Tuesday, May 26, 2009
The Story of G. Serbo
The figure in the hallway shambled along, feeling his way through his own dusk with his hand along the wall. His hand was there only for support. His eyes could still, barely, make out the vague shapes that loomed and wobbled in front of him, but his despair that the beautiful world was fading away made him more unsteady. More and more often, images from his mind would overcome the dim picture in front of him and he would be overtaken with momentary panic that he had seen his last of the outside world. His memory, at least, was rich with images that would maintain his sanity and imagination.
One of his favorite images to recall was that of three construction workers standing in the dirt next to a large fire, green flames flickering between the yellow and orange. Behind them was a large, open parasol, made of delicate cream and fringed with lace. It was like something out of a dream, yet had appeared one tired evening before his eyes as he was heading home. No explanation was needed, nor did he ever receive one. It just was what it was. Sometimes existence was beautiful like that.
He eventually found his way to the door of the library. Not only did he have this place memorized by heart, but he could smell when he was at the door. Bookstores had a similar smell, but it wasn't quite the same: he preferred the library. It was a deeper, heavier scent, enhanced by history and time, the experience of having been read over and over.
The expansive space that existed in even a small library was nearly impossible to comprehend. Pages and miles of adventures, lives, emotions and tragedies existed in the span of only a few bookshelves. He entered the space, made his few greetings, and took his accustomed place next to a nameplate which, he supposed, was meant to make him feel important.
After a couple of hours, he heard and saw the vague outline of a girl sitting at a table near him, reading. He walked over and put a hand on her shoulder, partially out of kindness and partially for balance. She jumped slightly and turned her head. Gazing down at her, he could make out the mass of deep brown that was her hair.
"Tell me, Marie. How are the clouds today?" he asked. She paused for a moment before answering and, he supposed, she smiled.
"There are some large ones spanning the top of the sky.

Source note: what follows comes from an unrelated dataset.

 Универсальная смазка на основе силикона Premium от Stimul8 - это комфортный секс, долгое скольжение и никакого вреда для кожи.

They are thin and spread out, like melted whipped cream."
"There are also a few on the horizon like shining, fluffy pillows," she added.
"Are they really like pillows?"
She thought for a moment. "No. More like cotton balls."

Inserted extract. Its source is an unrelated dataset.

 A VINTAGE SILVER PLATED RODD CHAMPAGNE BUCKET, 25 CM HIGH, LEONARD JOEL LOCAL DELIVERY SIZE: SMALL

"Ah, I see. Thank you. Please, don't let me keep you from your friends."
She glanced down at her open book and smiled, resting her hand briefly on his before turning back to her story.
He moved to return to his desk, but decided to walk through the shelves instead. The past few days had been particularly shaky for him and he needed the balance of the literature to calm him. A beautiful young woman walked in front of him, a question posed on her lips. The most startling thing about her was that he could clearly see that she was beautiful. His eyes seemed to have returned to him: her inquisitive smile, the individual strands of dirty blond hair. He smiled widely.

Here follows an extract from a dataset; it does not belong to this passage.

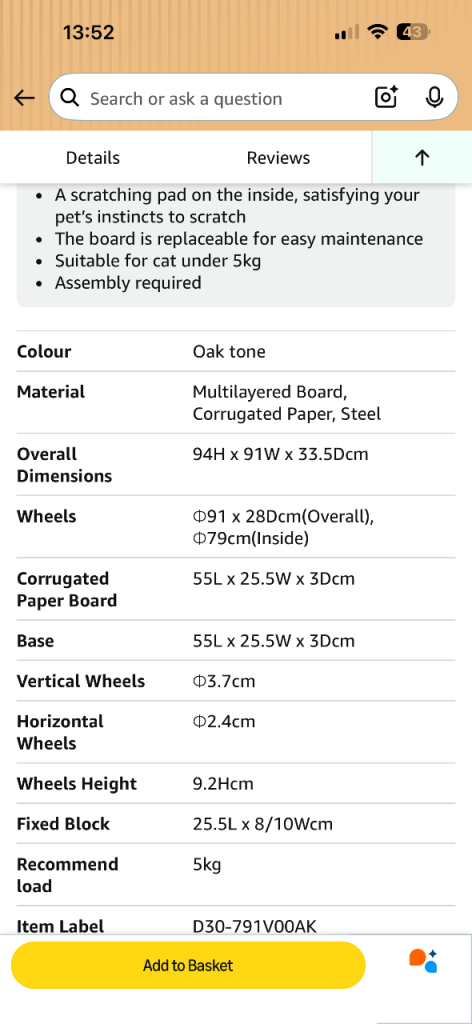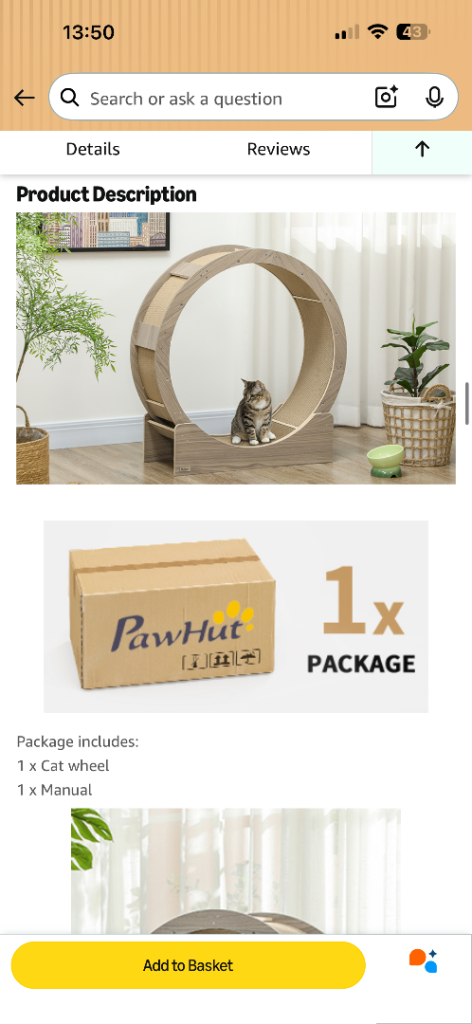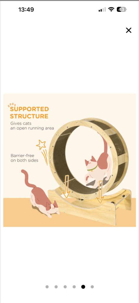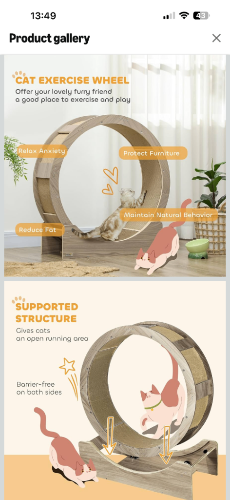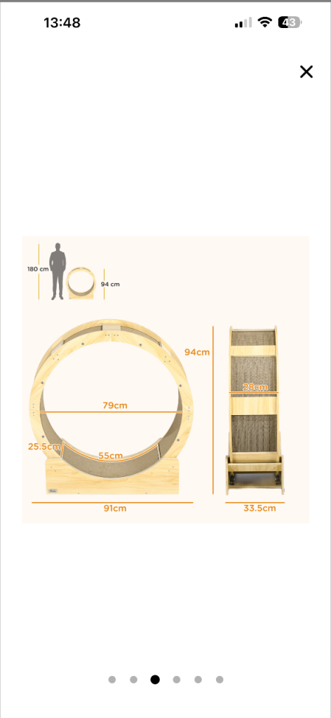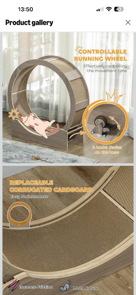 Natural wood grain appearance: A simple, yet elegant design, blending perfectly with existing decoration – this cat treadmill wheel won't look out of place when set up.

"May I help you find something, miss?"
"As a matter of fact, a rich, beautiful Brazilian man has decided to marry me, and I know nothing about the culture at all! Well, darling, I thought that was just dreadful, so I decided I need to brush up!"
He chuckled quietly at her enthusiasm. "Books on Brazilian culture, then? Come with me, we have plenty over in this section." He walked purposefully, although not certain of his footing. He did not want the young woman, whom he saw so clearly, to know that he was otherwise mostly blind. He depended on his vivid memory and the slow counting of shelves with an outstretched hand at his side. When they reached the appropriate place, he gestured to the shelves where she could find all the information.
"Well, look at that!" she exclaimed as she reached up to the bookshelves, pulled out a few books and disappeared around the corner.
There had been something about the girl that he had found startlingly familiar. He was puzzling it over as he rounded a bend and choked on a scream. There, standing in front of him, was a gigantic insect. He was about to turn and get away as fast as possible when he noticed an apple sticking out of its side and the its pleading face as it drew slowly closer. He could see this insect just as clearly as the girl. He then realized why she had looked so familiar. This one he knew all too well and murmured, "Ah, Kafka. Finally we meet." He did not, however, know which book it could possibly want, so he walked away.
Heading to the front of the library, he realized his vision was becoming increasingly clear. As he approached the open area in the front, he heard many murmurs and voices speaking, which were clarified as he walked into view and saw various characters all over the library.
'There he is!" one particularly tall man in rusted armor shouted, and they all turned towards him. They walked over, some asking for books, others engaged in conversation with him and each other. He wondered how they all could have come to be. He looked up at the various characters wandering around and grinned softly. What did it matter? He could see. And he was among friends.